GDB Frame Filter - handling corrupt stack

Phil Muldoon pmuldoon@redhat.com
Tue Sep 9 15:48:00 GMT 2014


On 09/09/14 13:26, Simeon S wrote:


It's a fairly simple filter, so I don't see much wrong with that.
 
>
> When the gdb "backtrace" command is issued, frames are decorated
> followed by a gdb crash. This is what the last output from gdb is:
>
>     UNIX ERR:tcsetattr:Input/output error
>     Segmentation fault (core dumped)

I'd love to see a backtrace of this.  It is not related to your issue,
but it is a bug in the frame filters.  It should print the error
message below:

> The stack seems to be corrupt which is what I suspect is causing the
> crash. If the frame filter is disabled, the last line of the
> "backtrace" command is:
>
>     Backtrace stopped: previous frame inner to this frame (corrupt stack?)

Yeah at this point the stack looks clobbered, or some kind of bug
internal to GDB has occurred.

> I haven't looked into why the stack is corrupt - all the frames of
> interest to me are there.  Is there a way to catch this condition to
> avoid crashing? I am not interested in any of the corrupt frames -
> what is in the stack is enough.

No not really.  Someone else may have an idea.

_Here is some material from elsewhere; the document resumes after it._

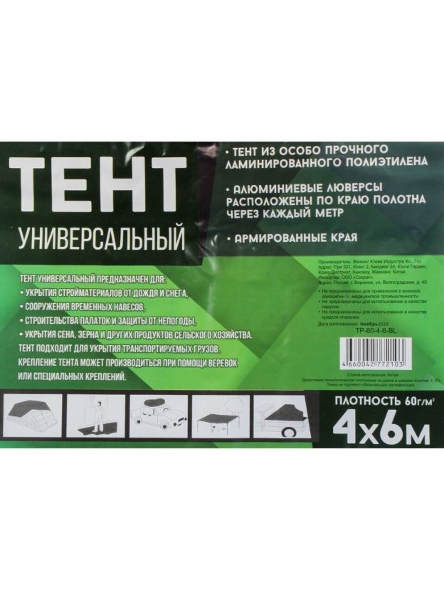 Тент универсальный TP-60-4-6-BL — оптимальный выбор для тех, кто ценит практичность, долговечность и удобство. Благодаря высокой устойчивости к влаге и ультрафиолету, материал эффективно защищает имущество, строительные материалы, садовую мебель, автомобили и урожай на огороде. Такой тент незаменим для дачного участка, пикника, временного укрытия техники, а также для организации пространства на строительной площадке или во дворе частного дома. Простота монтажа и компактность хранения делают его идеальным для сезонного и постоянного использования.
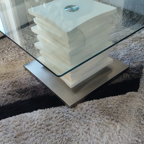 Stilrent og moderne kvadratisk glassbord/sofabord med solid understell i metall/krom.

> I guess I am looking for a mechanism to stop gdb iterating over
> further frames if it detects a corrupt/invalid frame.  The
> documentation does say that gdb has to iterate over all stack frames
> though.

Even though the documentation does indeed say that, you can always
slice/trim the iterator that is handed to the frame filter and return
the sliced iterator.  The trick is finding which frame would be the
corrupted one and slicing appropriately.  See the itertools Python
module for iterator tools (including slicing).